• What is needed: Copy, word for word, the line containing "たくさん食べるようになったら" and each line that follows it in the entries below; pictures do not belong in the copy.

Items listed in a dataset
☆ ☆ ☆ ☆ ☆ ☆ ☆

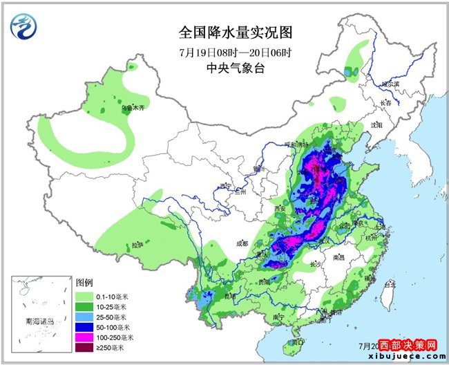 19日,一條強降雨縱貫中東部,山西東部、河北中南部、北京西南部、山東西部、河南北部和南部及湖北中部和西南部、湖南西北部、貴州東北部等地出現(xiàn)大暴雨,河北西南部及河南安陽和南陽、山西陽泉和晉中、湖北荊門、隨州和恩施、貴州銅仁等地部分地區(qū)出現(xiàn)特大暴雨,河北石家莊市平山、井陘和贊皇、邢臺市臨城和內(nèi)邱、邯鄲涉縣和磁縣、河南安陽林州、湖北荊州京山等局地降雨400~616毫米,上述局地1小時最大降雨100~140毫米。
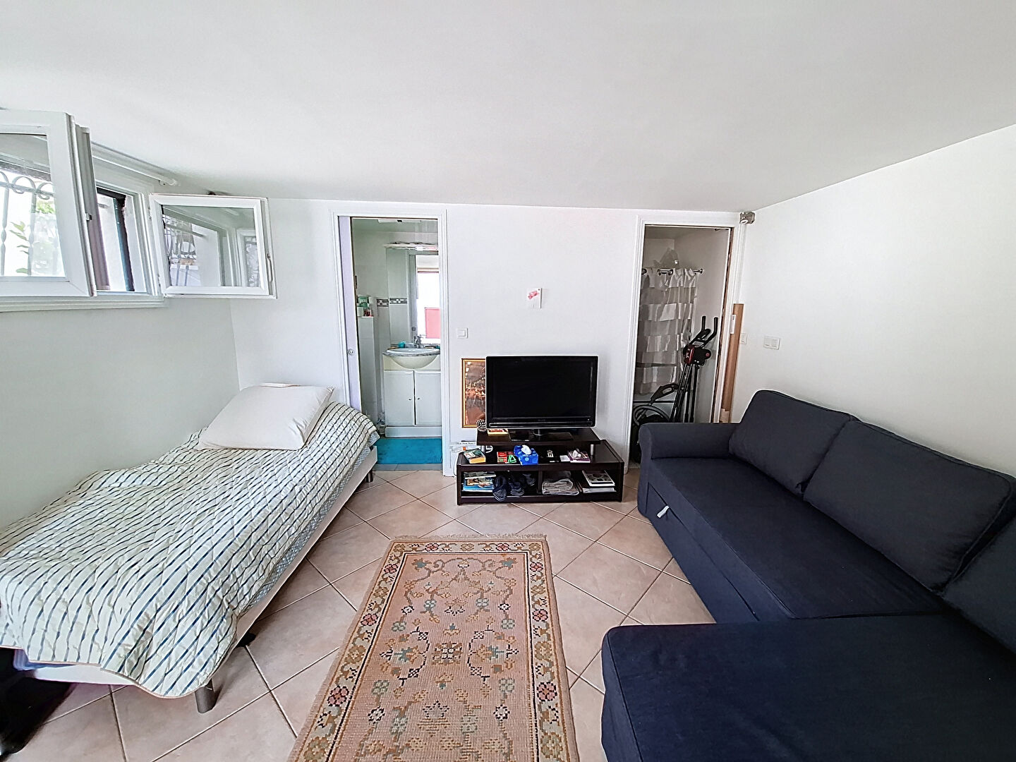 Le studio se compose d'un séjour (chambre) et une salle d'eau avec wc, tour électrique.
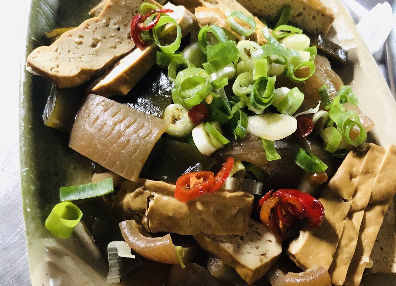 ?滷味拼盤 想吃甚麼先夾,夾完後給老闆就可以。我們點的是花干、蘿蔔、豆干、海帶、滷蛋,其中最喜歡的是花干,吸滿飽飽的湯汁,很入味。
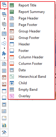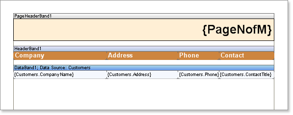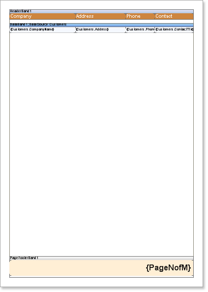 Page bands are a vital component for report creation. Generally, they are used to output things like company address, contact information, copyright notices, page numbering, etc.. Report Designer has three types of page bands: Empty Data, Page Footer, and Page Header.
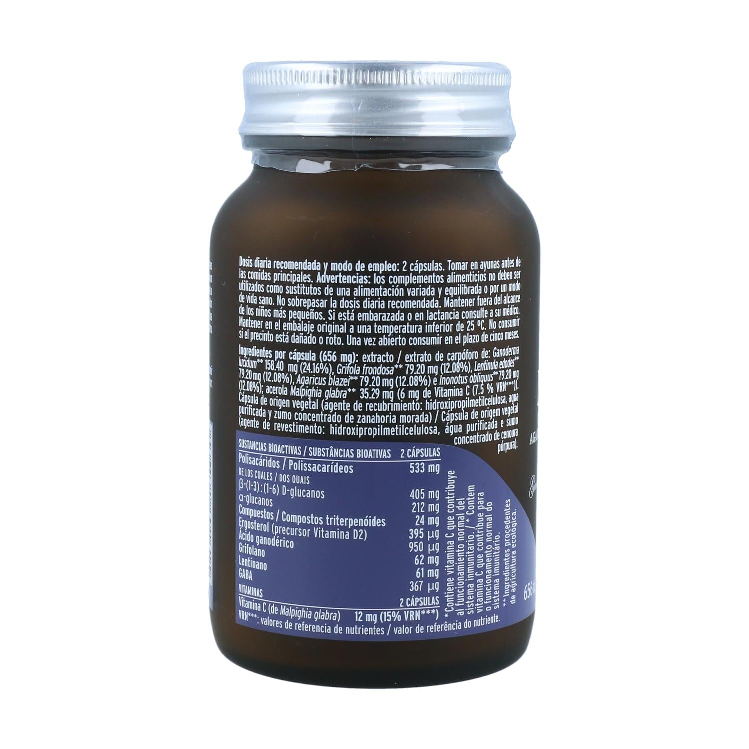 Ingredientes por cápsula (656mg): extracto / de carpófora de: Ganoderma lucidum** 158.40 mg (24.16%), Grifola frondosa** 79.20mg (12.08%), Lentinula edodes** 79.20mg (12.08%), Agaricus blazei** 79.20mg (12.08%) e Inontus obliquus ** 79.20mg (12.08%); acerola Malpighia glabra** 35.29 (6mg de Vitamina C (7,5% VRN**)). Cápsula de origen vegetal (agente de recubrimiento: hidroxipropilmetilcelulosa, agua purificada y zumo concentrado de zanahoria morada) / Cápsula de origen vegetal (agente de revestimento: hidroxipropilmetilcelulosa, água purificada e sumo concentrado de cenoura púrpura).
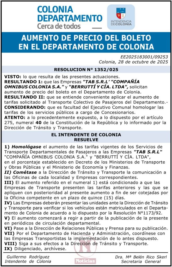 RESULTANDO I: que las Empresas «TAB S.R.L’ «COMPAÑÍA OMNIBUS COLONIA S.A.» y «BERRUTTÍ Y CÍA. LTDA», solicitan aumento de precio del boleto en el Departamento de Colonia.
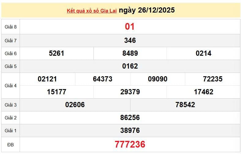 XSGL 26/12, KQXSGL 26/12, kết quả xổ số Gia Lai ngày 26/12/2025
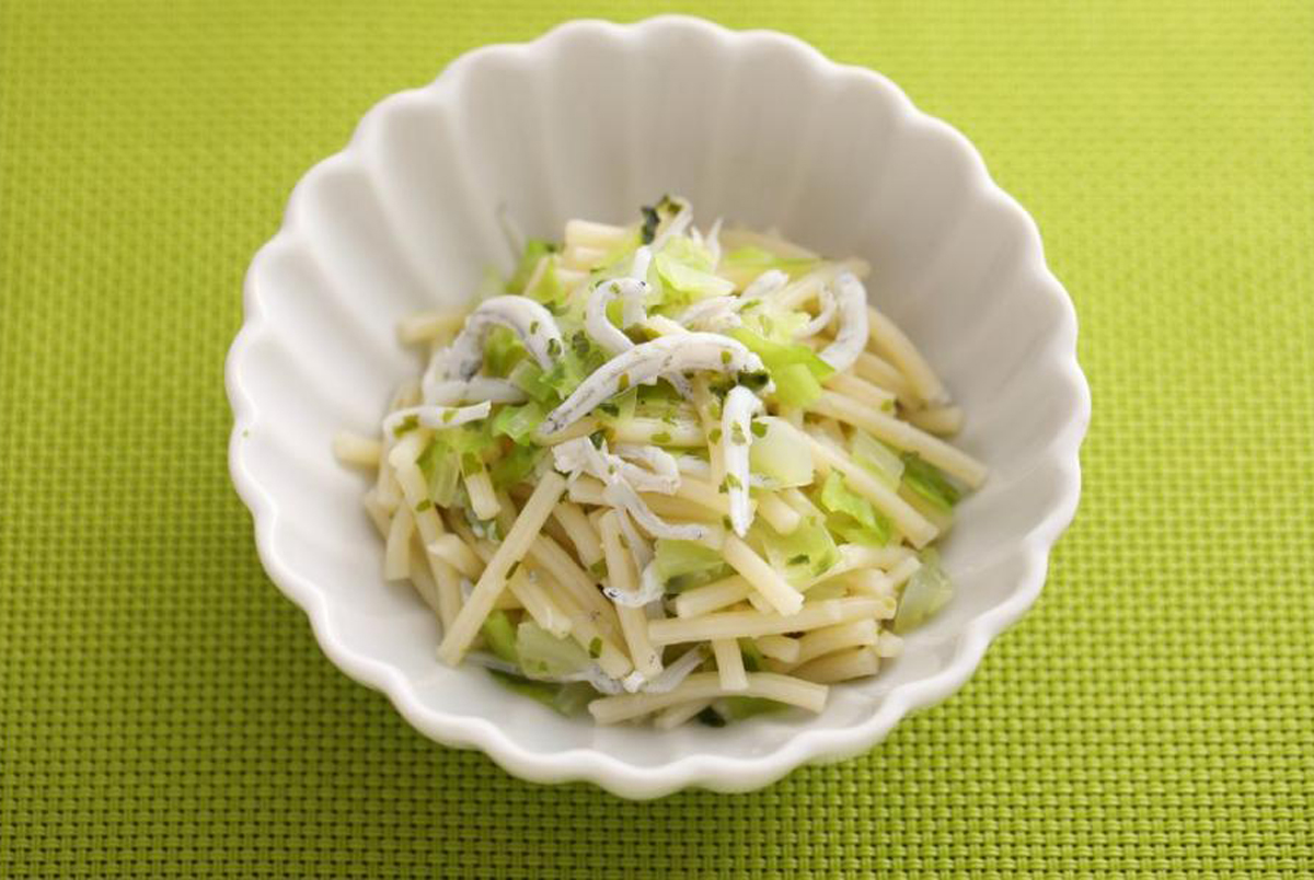 たくさん食べるようになったら作ってあげたいパスタ。しらすと青のりの香りが食欲をそそります。
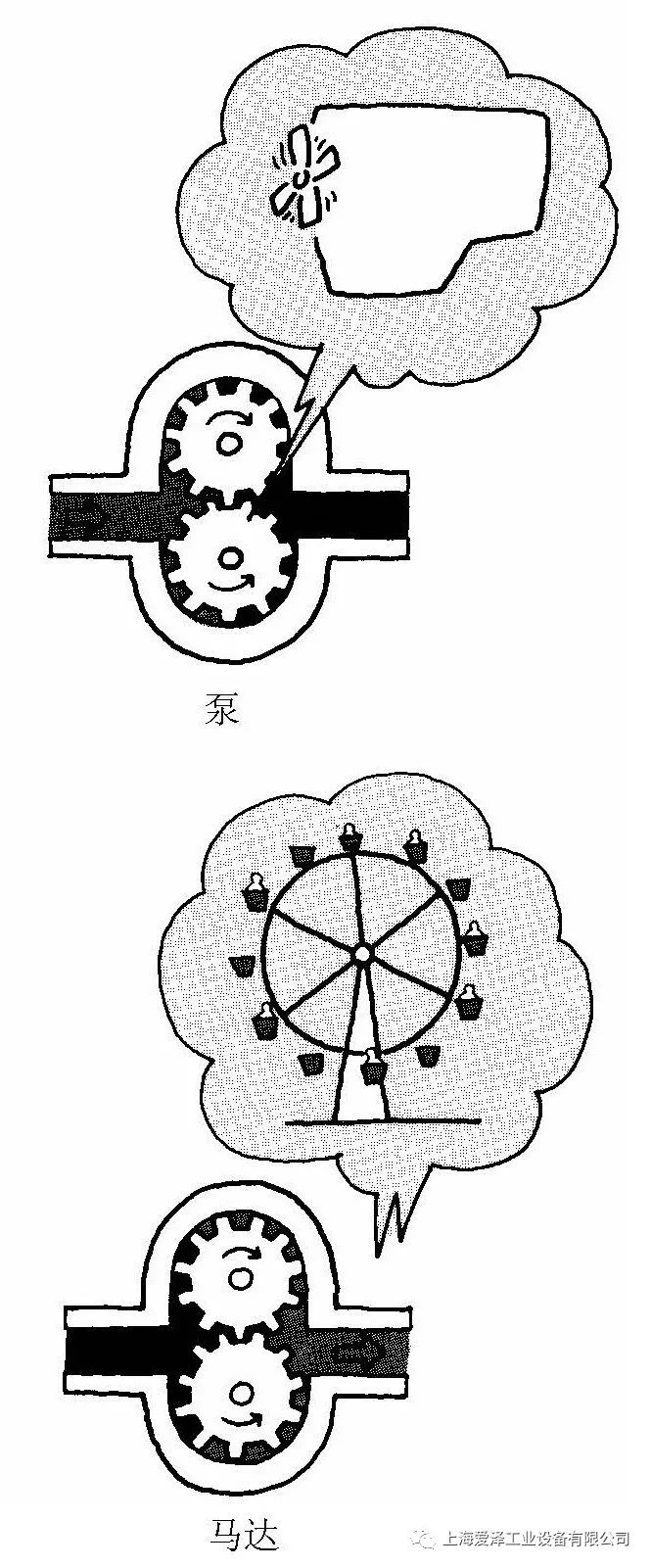 在液壓傳動中,泵和馬達共同工作。泵受到機械驅(qū)動并將液體推至馬達。

☆ ☆ ☆ ☆ ☆ ☆ ☆

• Result:
 たくさん食べるようになったら作ってあげたいパスタ。しらすと青のりの香りが食欲をそそります。
 在液壓傳動中,泵和馬達共同工作。泵受到機械驅(qū)動并將液體推至馬達。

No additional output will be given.